Under Sec. 905(c), certain foreign income taxes paid by a "Section 902 corporation" after the tax year to which the taxes relate generally are taken into account by adjusting Sec. 902 pools of post-1986 foreign income taxes in the tax year in which the taxes are paid, rather than accounting for the taxes in the prior tax year to which the taxes relate. A Sec. 902 corporation, defined in Sec. 909(d)(5), is any foreign corporation for which one or more domestic corporations meet the ownership requirements of Sec. 902(a) or (b) (a foreign corporation at least 10% of the voting stock of which is owned by a domestic corporation).
Under certain circumstances, Sec. 909 is intended to suspend foreign income taxes until those taxes are "matched" with the income to which they relate (related income). Specifically, Sec. 909(a) provides that, if there is a "foreign tax credit splitting event" for a foreign income tax paid or accrued by a taxpayer, then the foreign income tax will not be taken into account before the tax year in which the taxpayer takes the related income into account. Sec. 909(b) provides that, if there is a foreign tax credit splitting event for a Sec. 902 corporation, foreign income taxes paid or accrued are not taken into account for purposes of Sec. 902 or 960, or for purposes of determining earnings and profits, before the tax year in which the related income is taken into account by the Sec. 902 corporation or a domestic corporation satisfying the ownership requirements of Sec. 902(a) or (b) for the Sec. 902 corporation.
Need for Regulations
Notice 2016-52 states that, in anticipation of large foreign-initiated tax adjustments (adjustments that result in additional tax liability greater than $10 million) relating to a prior tax year, some taxpayers may take steps to separate the additional payment of foreign income tax from the income to which it relates. The notice describes situations in which, through certain transactions or restructurings, taxpayers may attempt to change their ownership structure or cause the Sec. 902 corporation to make an extraordinary distribution so that the subsequent tax payment creates a high-tax pool of post-1986 undistributed earnings. Those undistributed earnings can then be used to generate substantial amounts of foreign taxes deemed paid, without repatriating and including in U.S. taxable income the earnings and profits to which the taxes relate.

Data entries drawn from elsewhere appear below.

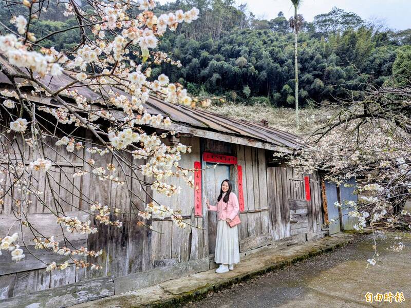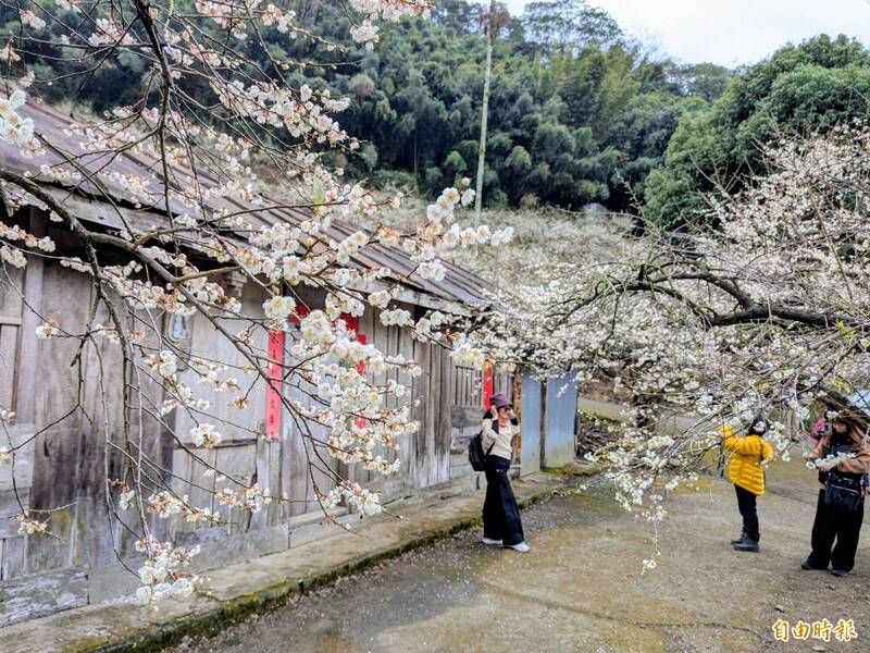 南投信義鄉外坪頂梅花爆開,梅花與古厝相互輝映,吸引許多民眾打卡拍照。(記者劉濱銓攝)
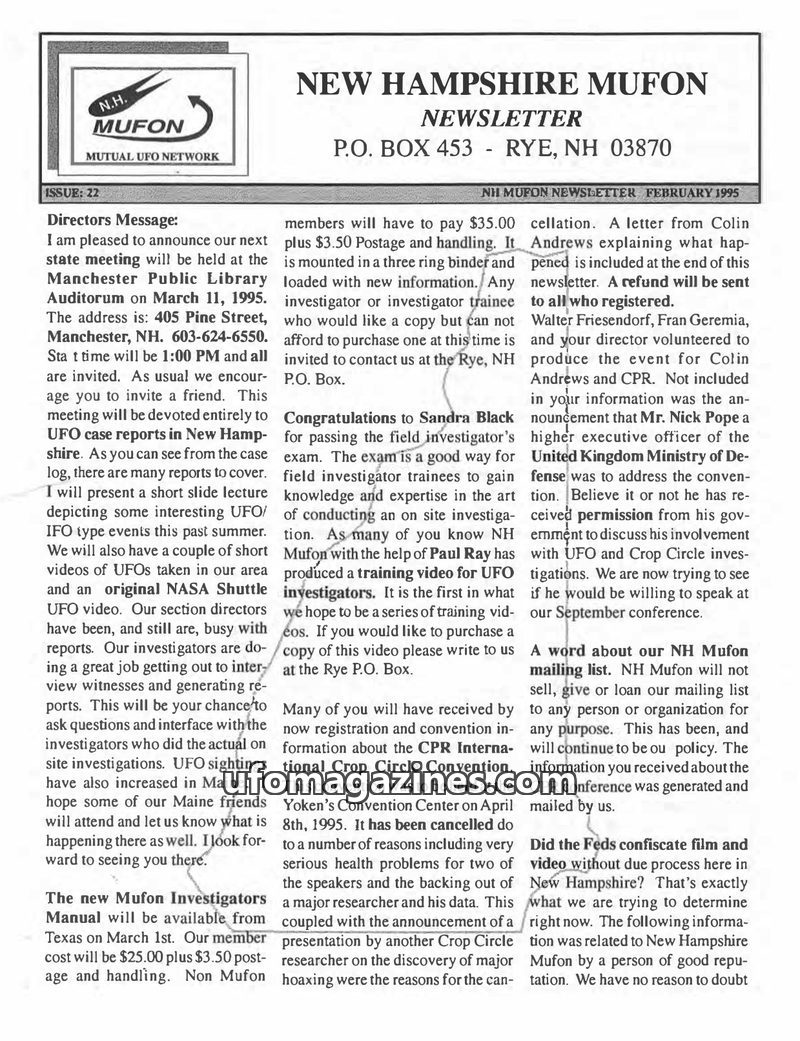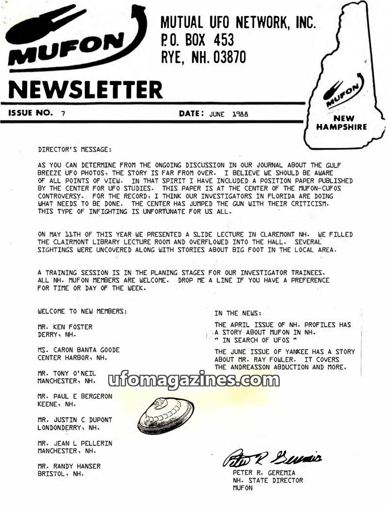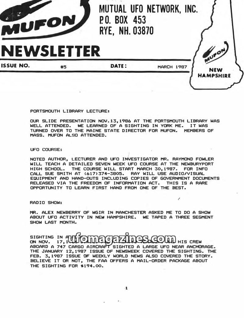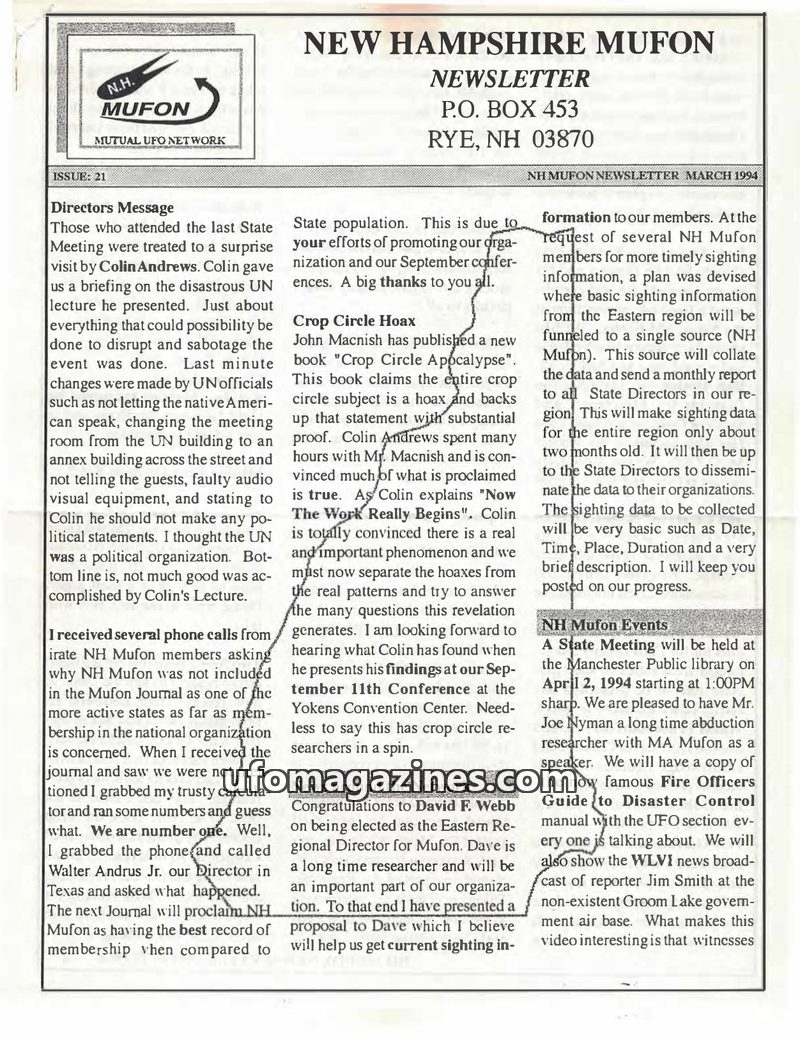 This issue of the NH MUFON Newsletter covers a range of topics including a report on a disastrous UN lecture by Colin Andrews, the announcement of a new book questioning the authen
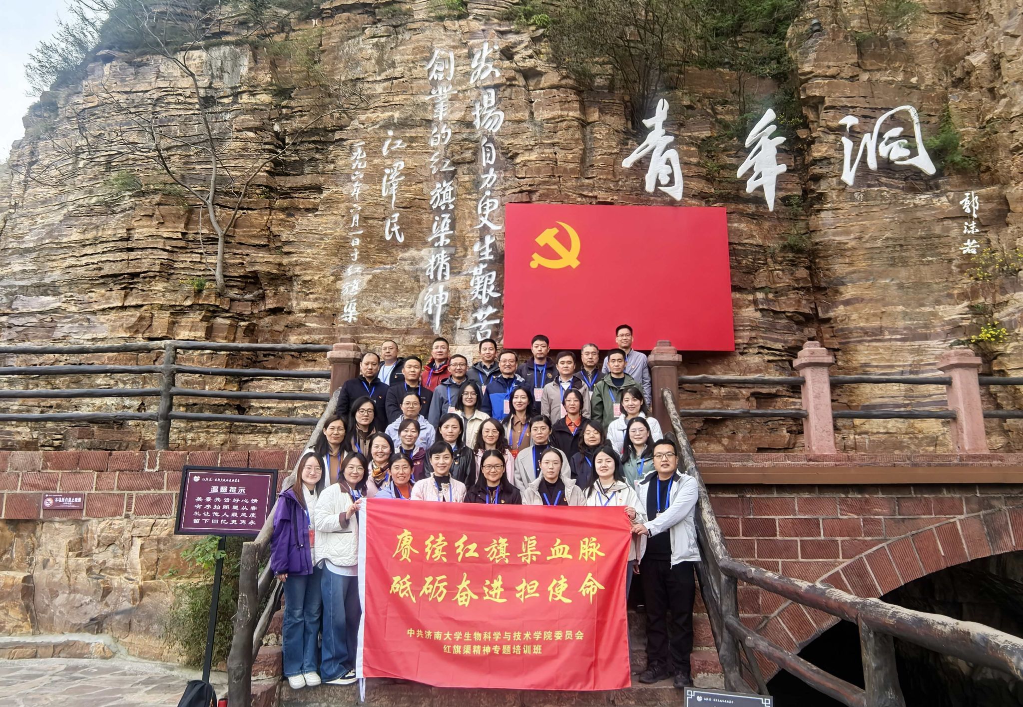 为深入学习贯彻习近平新时代中国特色社会主义思想,传承红色基因,锤炼党性修养,10月25日,生物科学与技术学院党委组织教职工党员,由学院党委书记史国普、院长秦晓春带队,赴红旗渠开展“赓续红旗渠血脉,砥砺奋进担使命”党性学习教育活动。

To address the transactions or restructurings described above, Notice 2016-52 defines two new splitter arrangements that Treasury intends to include in future regulations: (1) splitter arrangements arising from the application of Sec. 905(c) to successor entities, and (2) splitter arrangements arising from distributions made before the payment of additional tax under foreign-initiated adjustments.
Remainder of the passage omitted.